§ **Collected material**:
════════
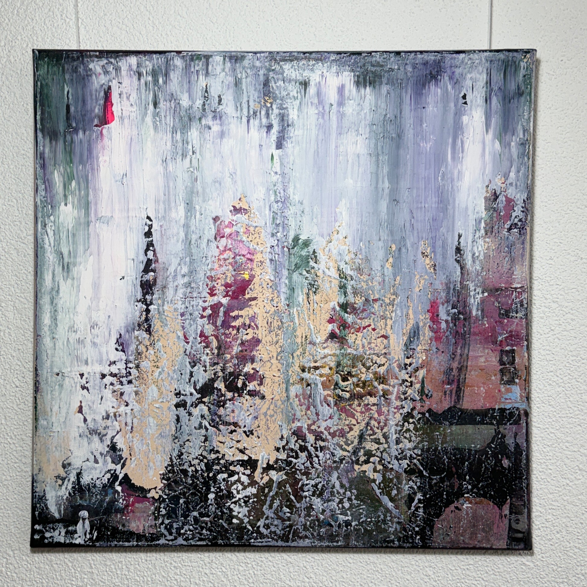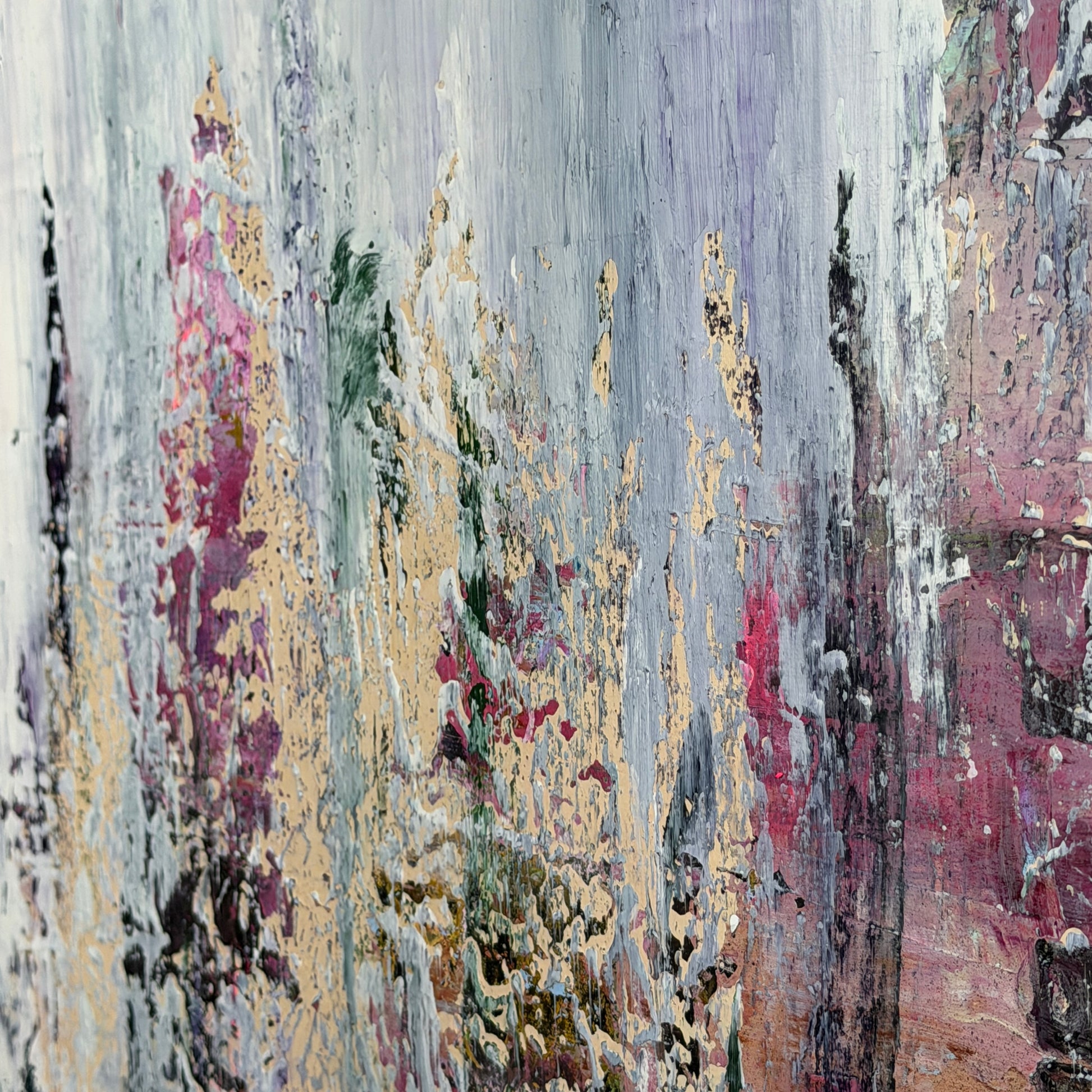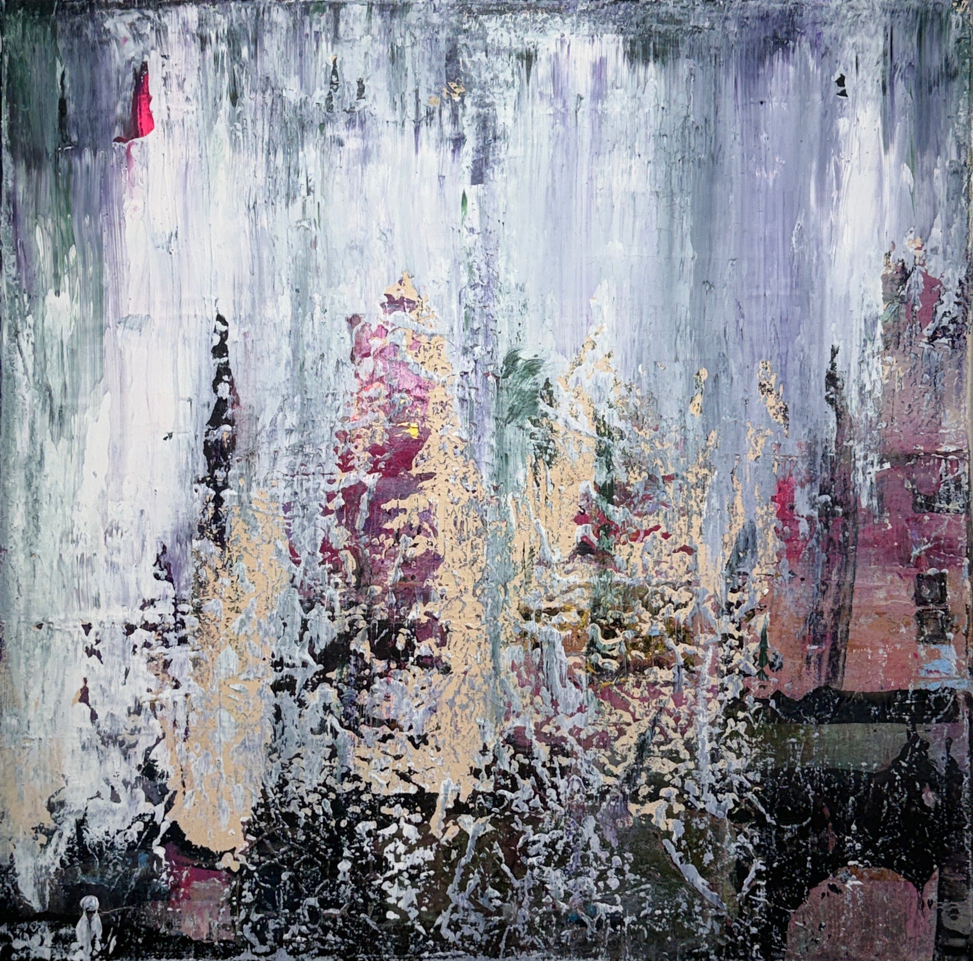 Wie durch einen Schleier aus Nebel und Zeit erscheint eine Stadt, die nicht mehr klar greifbar ist. Schicht um Schicht legen sich Farben übereinander, verlaufen, brechen auf und geben den Blick frei auf Fragmente von Architektur, Erinnerung und Gefühl. Kühle Grau- und Blautöne dominieren die Fläche, durchzogen von warmen Gold-, Ocker- und Rosaspuren, die wie leuchtende Gedanken aus dem Inneren der Stadt aufscheinen.
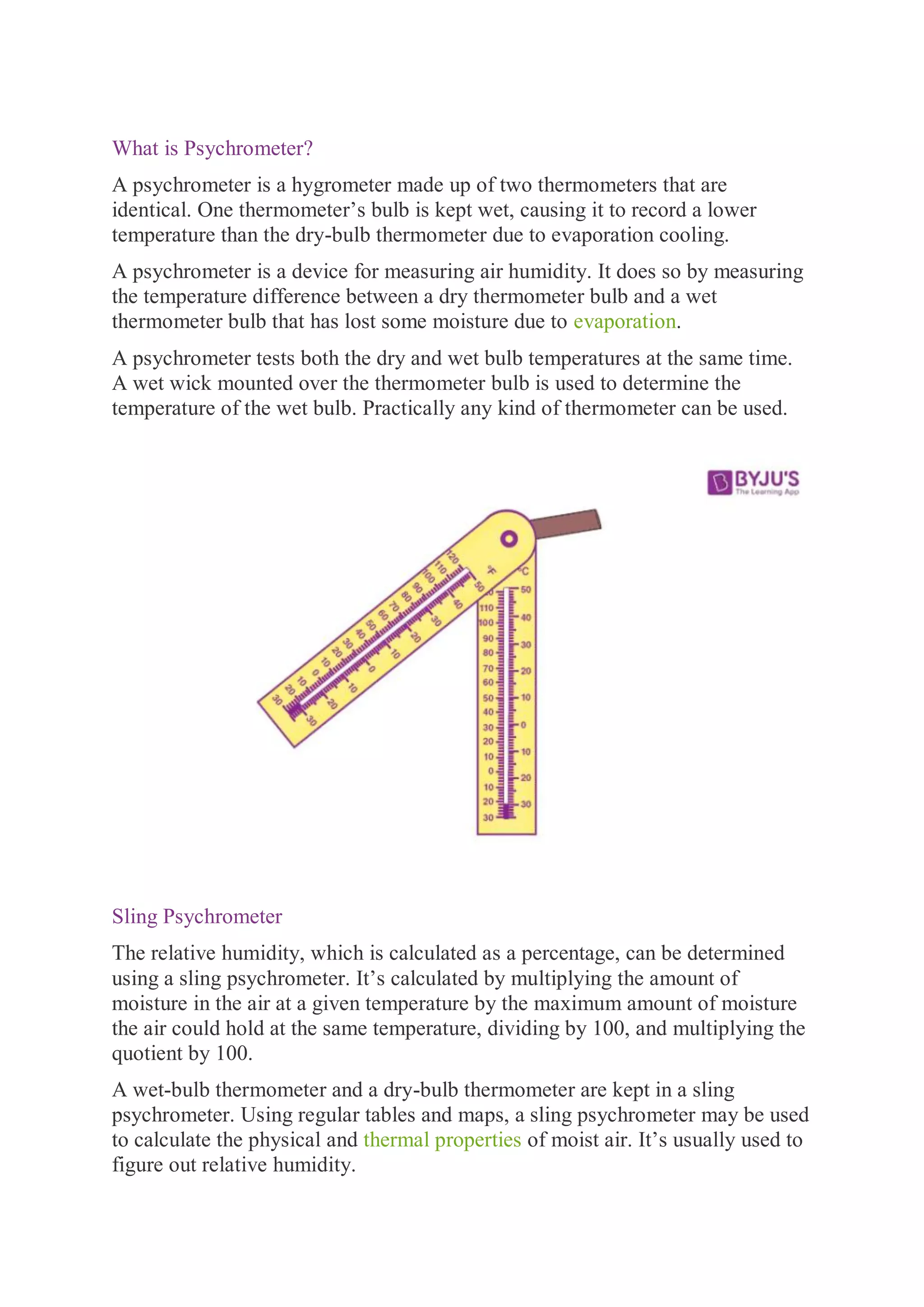 A psychrometer is a device used to measure humidity by measuring the temperature difference between a dry bulb thermometer and a wet bulb thermometer. The wet bulb thermometer is wrapped in a wet wick, so evaporation causes it to read a lower temperature than the dry bulb. This temperature difference can be used along with psychrometric charts to determine values like relative humidity, specific volume, and enthalpy of air. A sling psychrometer has the thermometers mounted together so the wet bulb can be whirled to speed evaporation. Manual psychrometers are still used but require more work from the user compared to digital psychrometers. Psychrometers are used for applications like building ventilation systems, musical instruments, and
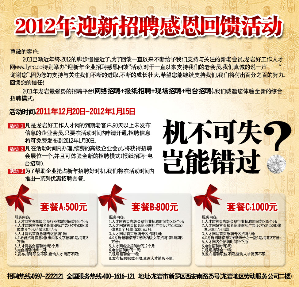 上一篇: 2012年龍巖市"春風(fēng)行動”招聘專刊火熱招商中
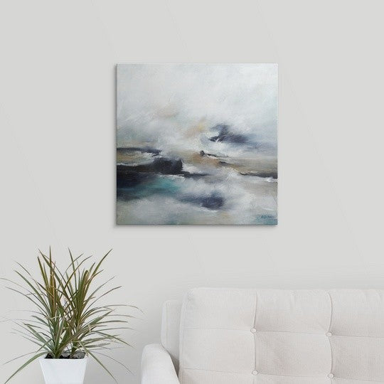 Gallery-wrapped canvas entitled, "High Tide Wave II".Abstract painting of waves crashing into a rocky shoreline at high tide, beneath a light cloudy sky.Our wrapped canvases feature a proprietary design that prevents warping or sagging over time. By using archival inks and artist-grade canvas, our premium canvases are sure to add that extra touch to any space. Lastly, our canvases are finished with a closed back that incorporates pre-installed hanging hardware for easy installation.
════════
§ **Problem to work on**: Copy out the data verbatim, excluding the pictures.

§ **Task output**:
 Wie durch einen Schleier aus Nebel und Zeit erscheint eine Stadt, die nicht mehr klar greifbar ist. Schicht um Schicht legen sich Farben übereinander, verlaufen, brechen auf und geben den Blick frei auf Fragmente von Architektur, Erinnerung und Gefühl. Kühle Grau- und Blautöne dominieren die Fläche, durchzogen von warmen Gold-, Ocker- und Rosaspuren, die wie leuchtende Gedanken aus dem Inneren der Stadt aufscheinen.
 A psychrometer is a device used to measure humidity by measuring the temperature difference between a dry bulb thermometer and a wet bulb thermometer. The wet bulb thermometer is wrapped in a wet wick, so evaporation causes it to read a lower temperature than the dry bulb. This temperature difference can be used along with psychrometric charts to determine values like relative humidity, specific volume, and enthalpy of air. A sling psychrometer has the thermometers mounted together so the wet bulb can be whirled to speed evaporation. Manual psychrometers are still used but require more work from the user compared to digital psychrometers. Psychrometers are used for applications like building ventilation systems, musical instruments, and
 上一篇: 2012年龍巖市"春風(fēng)行動”招聘專刊火熱招商中
 Gallery-wrapped canvas entitled, "High Tide Wave II".Abstract painting of waves crashing into a rocky shoreline at high tide, beneath a light cloudy sky.Our wrapped canvases feature a proprietary design that prevents warping or sagging over time. By using archival inks and artist-grade canvas, our premium canvases are sure to add that extra touch to any space. Lastly, our canvases are finished with a closed back that incorporates pre-installed hanging hardware for easy installation.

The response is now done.